Data extracted from a collection
· · ·

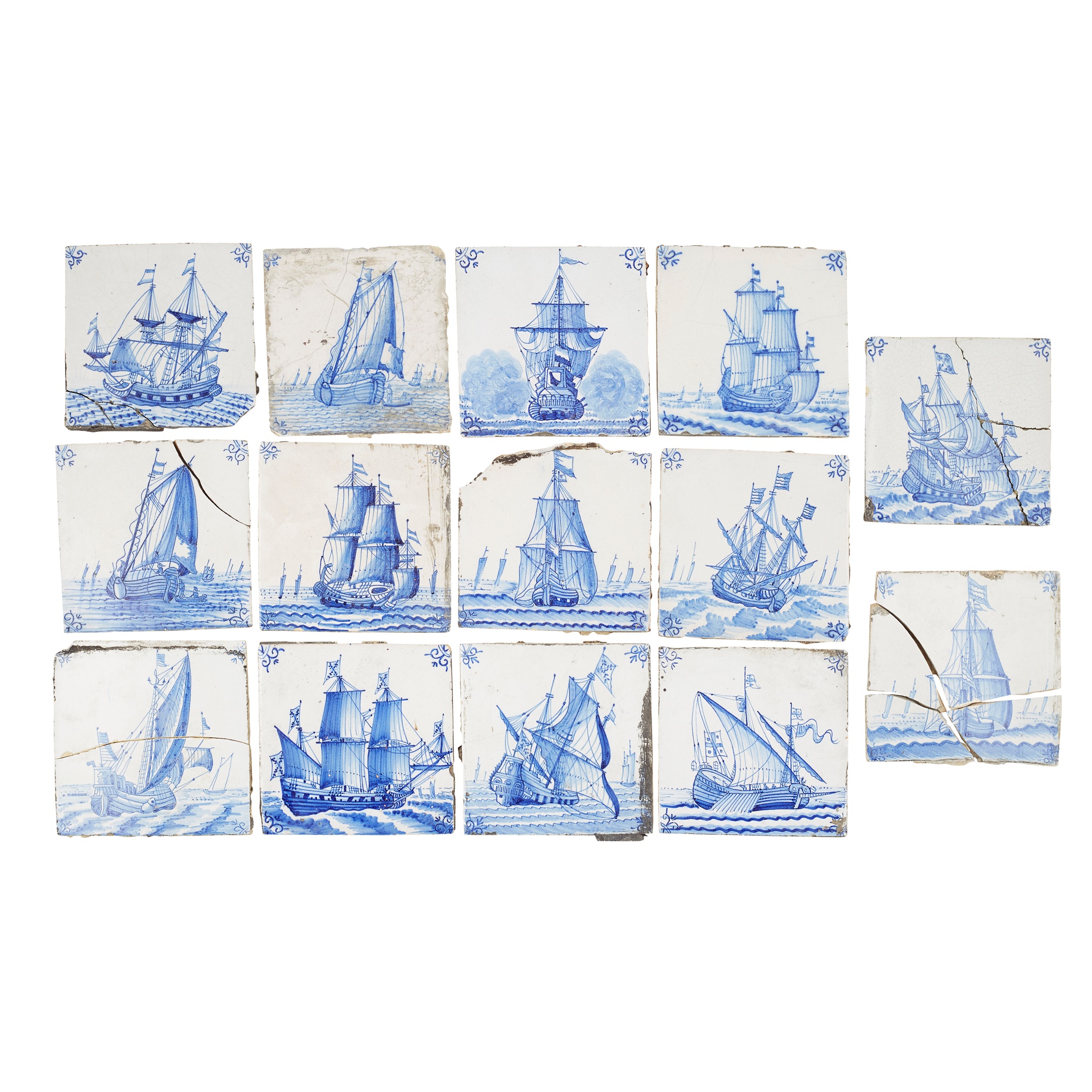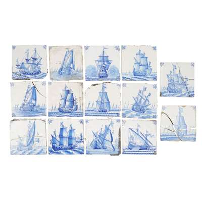 FOURTEEN BLUE ON WHITE DUTCH DELFT TILES
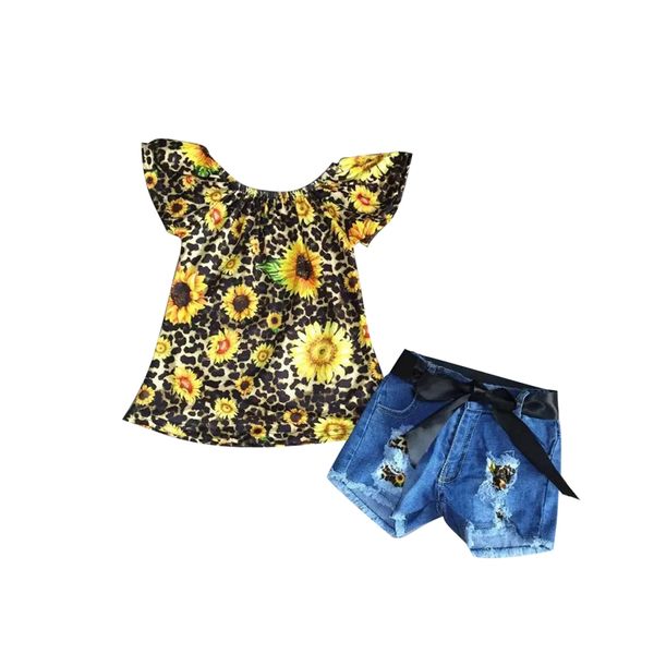 kids clothing baby girl clothes floral print flutter sleeve with jean shorts, White
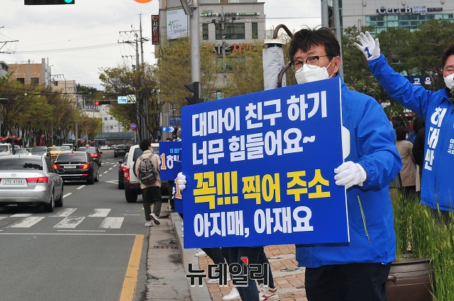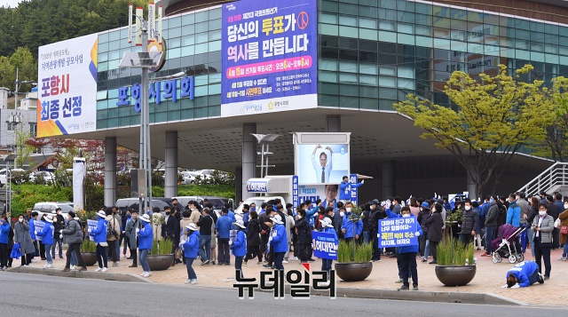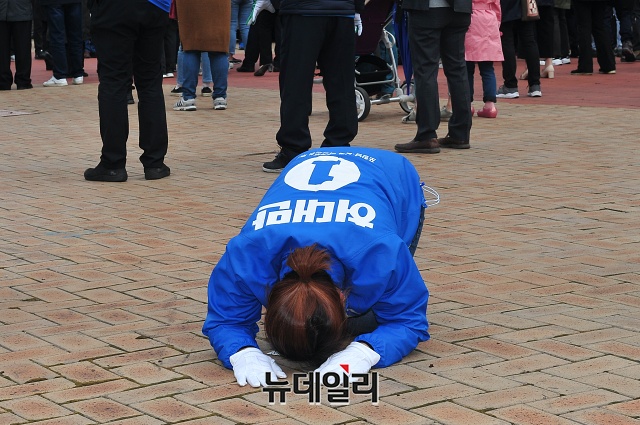 허대만 더불어민주당 포항남구울릉군 후보 선거유세원이 13일 오전 경북 포항시청 앞에서 시민들에게 절을 하고 있다. (경북 포항=권창회 기자)
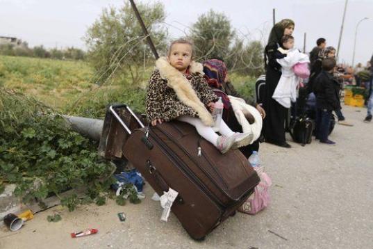 Una niña palestina se sienta en una maleta mientras espera con su familia viaje para cruzar a Egipto, en el cruce de Rafah entre Egipto y el sur de la Franja de Gaza.
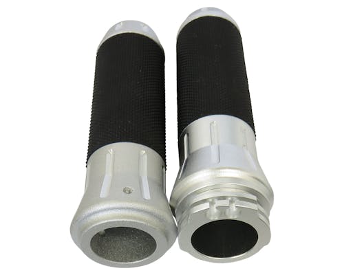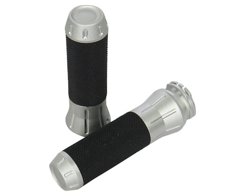 質感がすばらしいカスタムグリップ。 どんなカスタムにもぴったり! グリップ部分には専用のローレットタイプラバーが装着され、 大変握りやすく滑りも防止されております。 右側グリップとワイヤー巻き取り部分が一体のため、 インナースロットルは必要ありません。 左側グリップはハンドルにかぶせてネジで固定するタイプです。 |
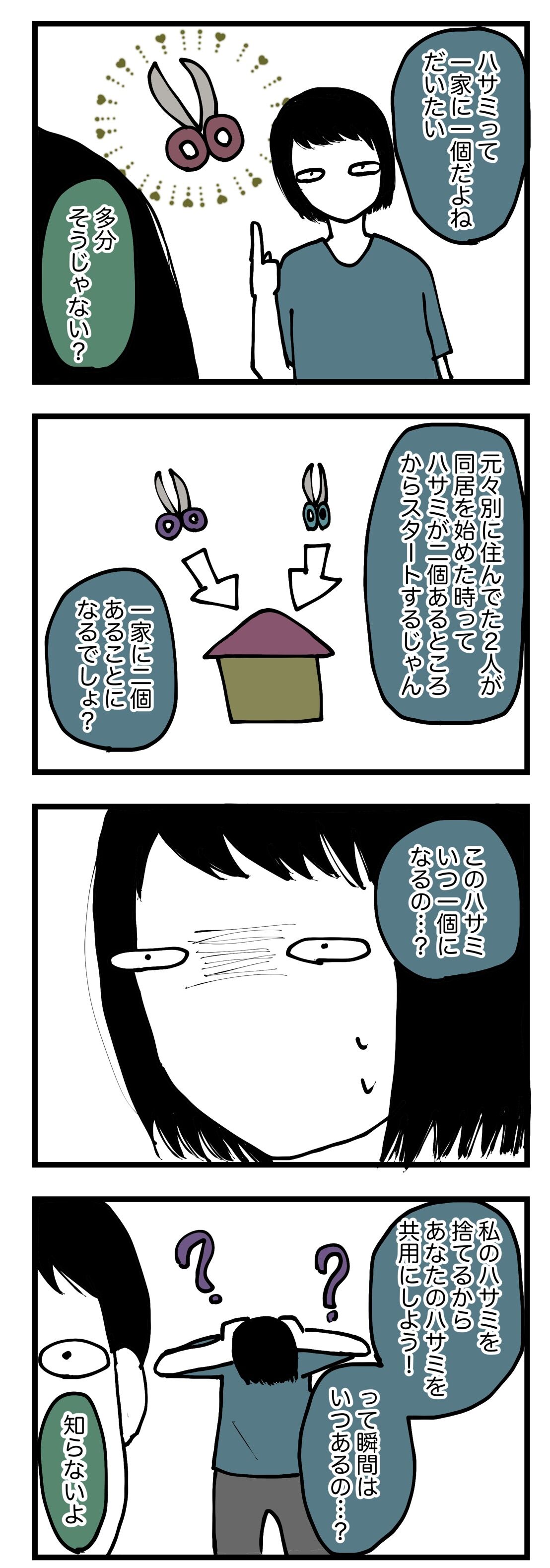 「ハサミって普通一家に1個じゃないよ。共有のも個人のも合わせたら大量にあるよ。」というご指摘をいただき、とてもびっくりしました。そうなの…!?
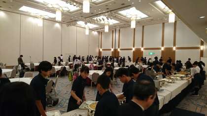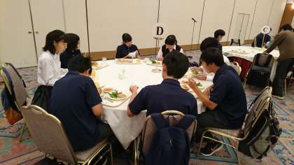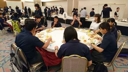 朝食スタート。各テーブルごとに食べはじめています。みんなでの最後の朝食です。楽しんで食べてください。ホテルの方々に感謝の気持ちを込めて。いただきます。
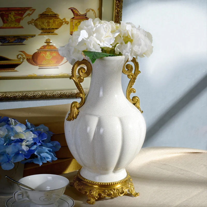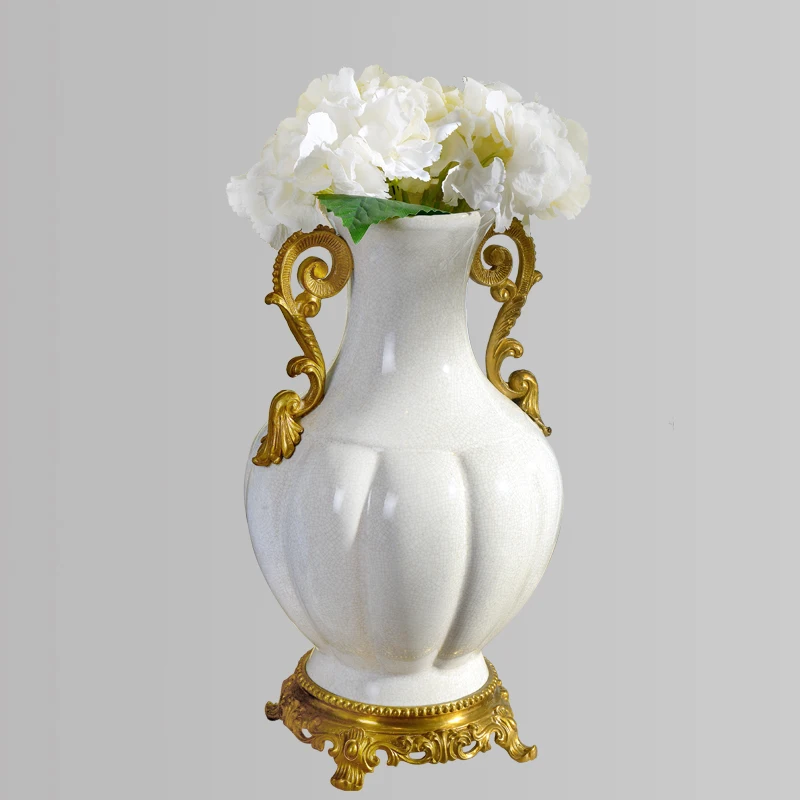 Factory direct Luxury white ceramic Vase brass Bisque porcelain Vase For House Decoration Interior Accessories
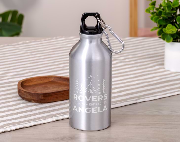 Es verano y todos sabemos que lo que toca: ¡irse de campamento! Es hora de preparar tu mochila para pasar unos días inolvidables en el campo y si hay algo que no se te puede olvidar es esta cantimplora personalizada tan chula. Sin duda, te mantendrá hidratado hagas lo que hagas. Si este año quieres ser la envidia de todos tus amigos del campamento, solo vas a necesitar esta original cantimplora. Ideal para mantener el agua fresquita durante horas y preparada para vivir miles de aventuras a tu lado. Además, en su diseño podrás añadir el texto que quieras para no perderla nunca. Y toca la mejor parte, personalizar tu cantimplora para que sea única. Entra en nuestro diseñador, escribe lo que quieras y nosotros nos encargamos de grabarlo para que dure para siempre. ¡Sin cantimplora no hay campamento! Dimensiones: 16 cm. Capacidad: 400 ml.
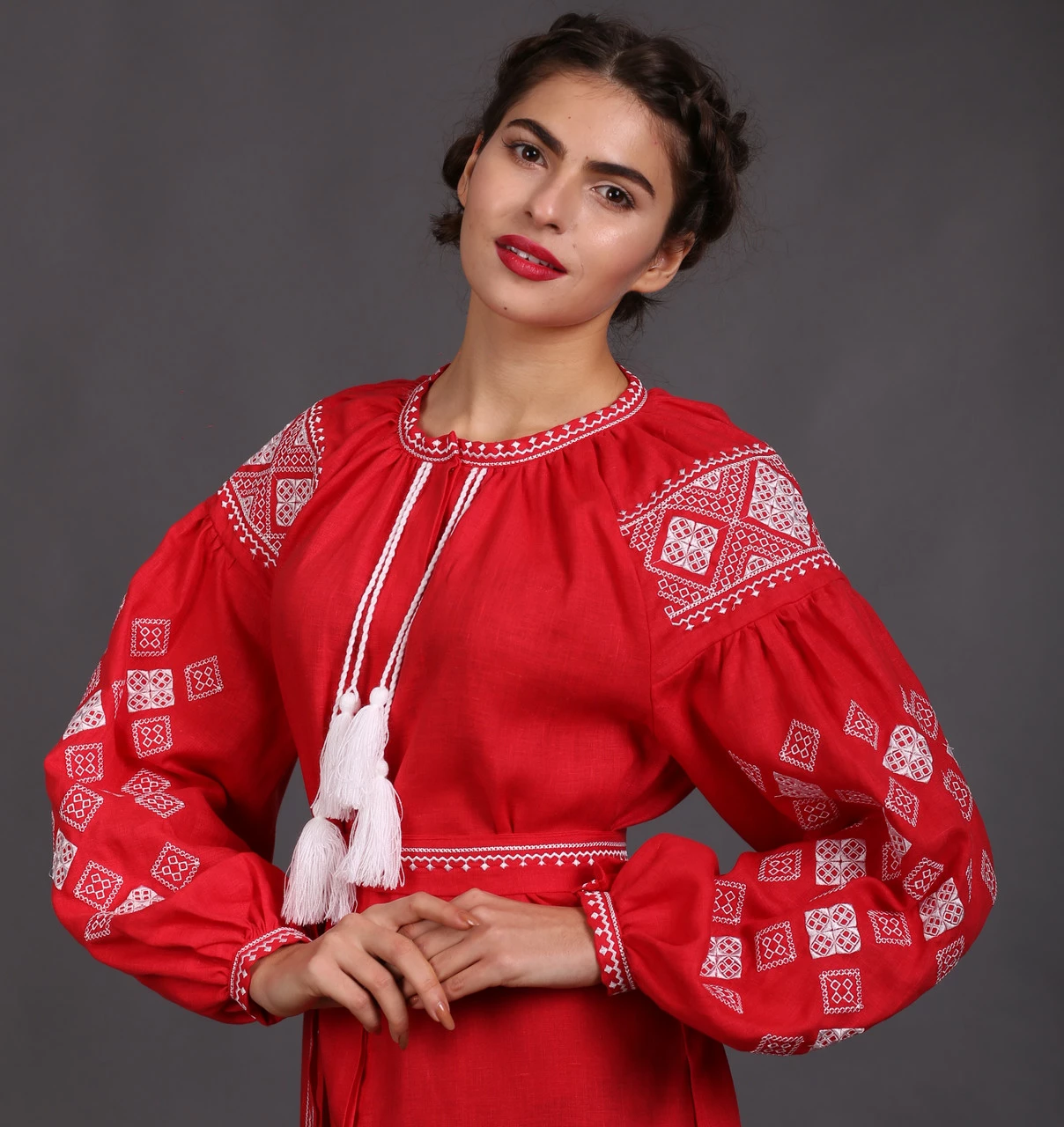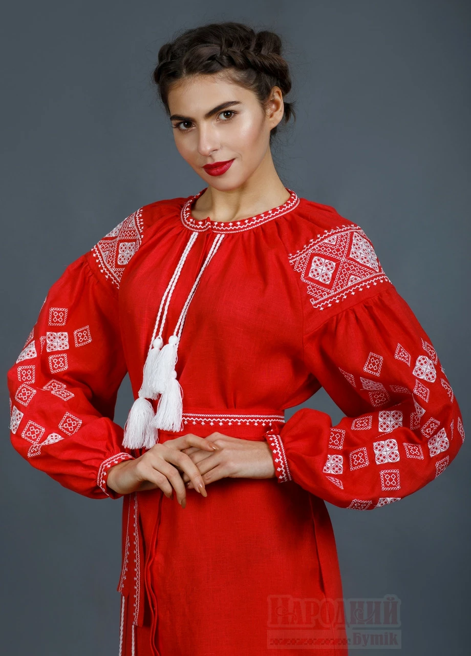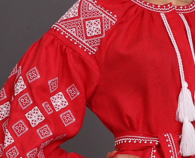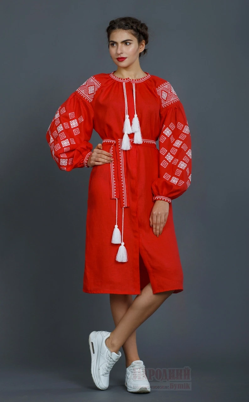 Красное вышитое средней длины с пышным рукавом пошито из 100 %
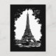 Brevkort för svartvit konst med en grym illustration av Eiffel Torn i Paris, Frankrike, vintage.
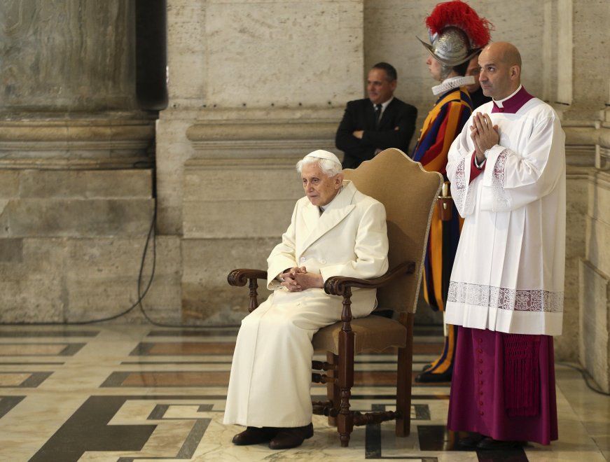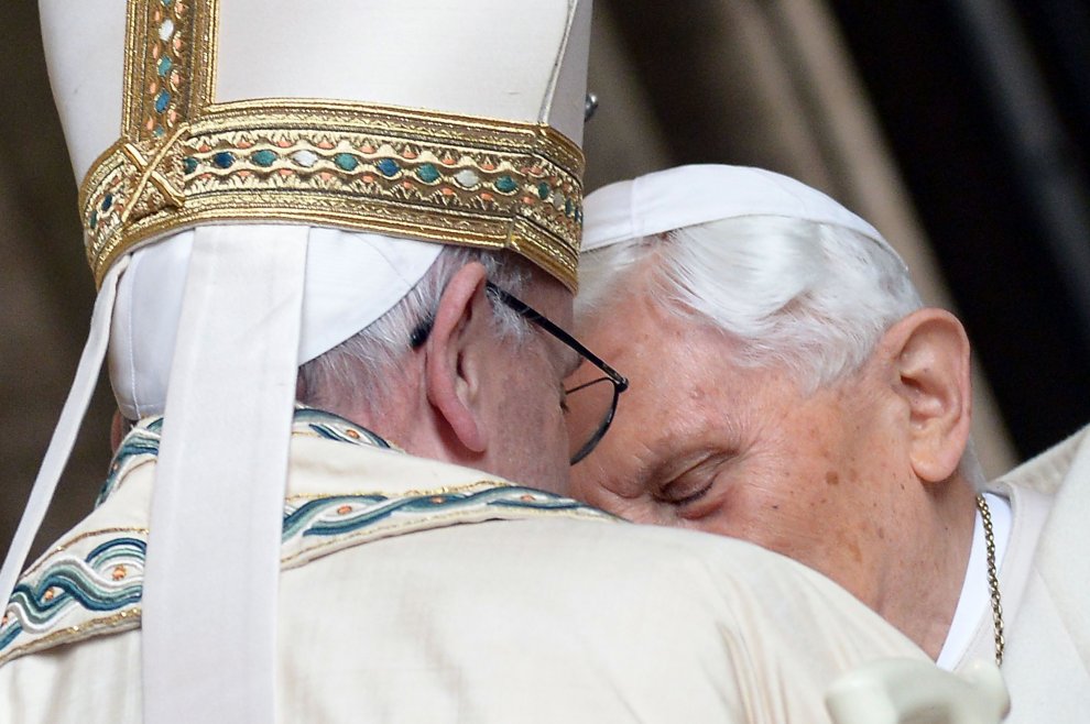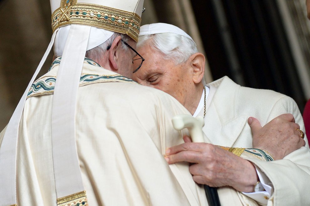 Dopo di che Francesco ha abbracciato il suo predecessore il papa emerito Benedetto XVI, e ha scambiato qualche parola con lui.
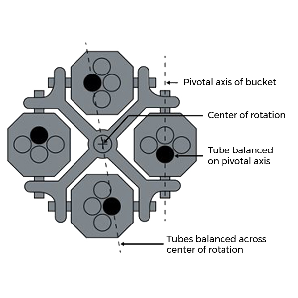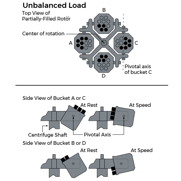 大多數(shù)離心機(jī)配備有不平衡檢測(cè)器,在由負(fù)載不平衡引起的任何偏心旋轉(zhuǎn)可能損壞驅(qū)動(dòng)軸或軸承之前關(guān)閉離心機(jī)。然而,即使不平衡不足以觸發(fā)該探測(cè)器,管道在載體或適配器中的不正確分布也會(huì)導(dǎo)致分離不良。在這些情況下,鏟斗在運(yùn)行期間不會(huì)樞轉(zhuǎn)到所需的水平位置,導(dǎo)致在減速期間密度差的分離或沉積材料的重新混合。而且,當(dāng)鏟斗在操作速度下不是水平時(shí),在運(yùn)行期間管破裂的可能性大大增加。
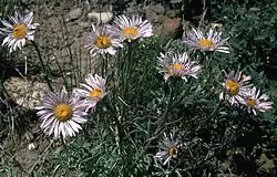 The genus is known commonly as Townsend daisies or as grounddaisies.[4][5] These annual, biennial and perennial wildflowers are native to western North America, frequently at high elevations. A number of taxa are tall, erect plants, like typical daisies. Others form small, dense, leafy rosettes, or have a more sprawling, prostrate appearance. Frequently, the flower heads are showy and attractive, with the ray florets in shades of pink, purple, blue, white, and, rarely, yellow.[6]
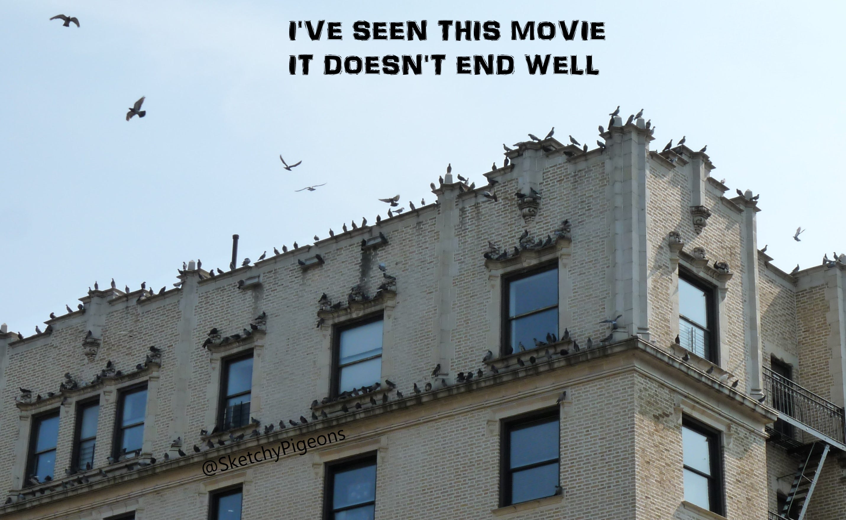 A large flock of birds perched in one place tends to creep people out. I have noticed this with pigeons in my Washington Heights neighborhood and my first thought is always The Birds. Many of us watched this ornithological opus when we were too young to be viewing something so frightening and intense. And I doubt I am not the only one it scared shitless while at the same time helping to foster a love for scary movies. Sorry, I egret the use of fowl language.
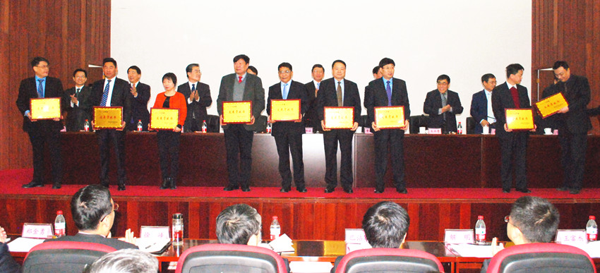 亨圆铜业公司董事长燕志富(左二)上台领奖

· · ·

Would you output only the span of the records above that opens with the line containing "Es verano y" and closes with the line containing "The genus is", ends included and pictures dropped?

* _Response box_:
 Es verano y todos sabemos que lo que toca: ¡irse de campamento! Es hora de preparar tu mochila para pasar unos días inolvidables en el campo y si hay algo que no se te puede olvidar es esta cantimplora personalizada tan chula. Sin duda, te mantendrá hidratado hagas lo que hagas. Si este año quieres ser la envidia de todos tus amigos del campamento, solo vas a necesitar esta original cantimplora. Ideal para mantener el agua fresquita durante horas y preparada para vivir miles de aventuras a tu lado. Además, en su diseño podrás añadir el texto que quieras para no perderla nunca. Y toca la mejor parte, personalizar tu cantimplora para que sea única. Entra en nuestro diseñador, escribe lo que quieras y nosotros nos encargamos de grabarlo para que dure para siempre. ¡Sin cantimplora no hay campamento! Dimensiones: 16 cm. Capacidad: 400 ml.
 Красное вышитое средней длины с пышным рукавом пошито из 100 %
 Brevkort för svartvit konst med en grym illustration av Eiffel Torn i Paris, Frankrike, vintage.
 Dopo di che Francesco ha abbracciato il suo predecessore il papa emerito Benedetto XVI, e ha scambiato qualche parola con lui.
 大多數(shù)離心機(jī)配備有不平衡檢測(cè)器,在由負(fù)載不平衡引起的任何偏心旋轉(zhuǎn)可能損壞驅(qū)動(dòng)軸或軸承之前關(guān)閉離心機(jī)。然而,即使不平衡不足以觸發(fā)該探測(cè)器,管道在載體或適配器中的不正確分布也會(huì)導(dǎo)致分離不良。在這些情況下,鏟斗在運(yùn)行期間不會(huì)樞轉(zhuǎn)到所需的水平位置,導(dǎo)致在減速期間密度差的分離或沉積材料的重新混合。而且,當(dāng)鏟斗在操作速度下不是水平時(shí),在運(yùn)行期間管破裂的可能性大大增加。
 The genus is known commonly as Townsend daisies or as grounddaisies.[4][5] These annual, biennial and perennial wildflowers are native to western North America, frequently at high elevations. A number of taxa are tall, erect plants, like typical daisies. Others form small, dense, leafy rosettes, or have a more sprawling, prostrate appearance. Frequently, the flower heads are showy and attractive, with the ray florets in shades of pink, purple, blue, white, and, rarely, yellow.[6]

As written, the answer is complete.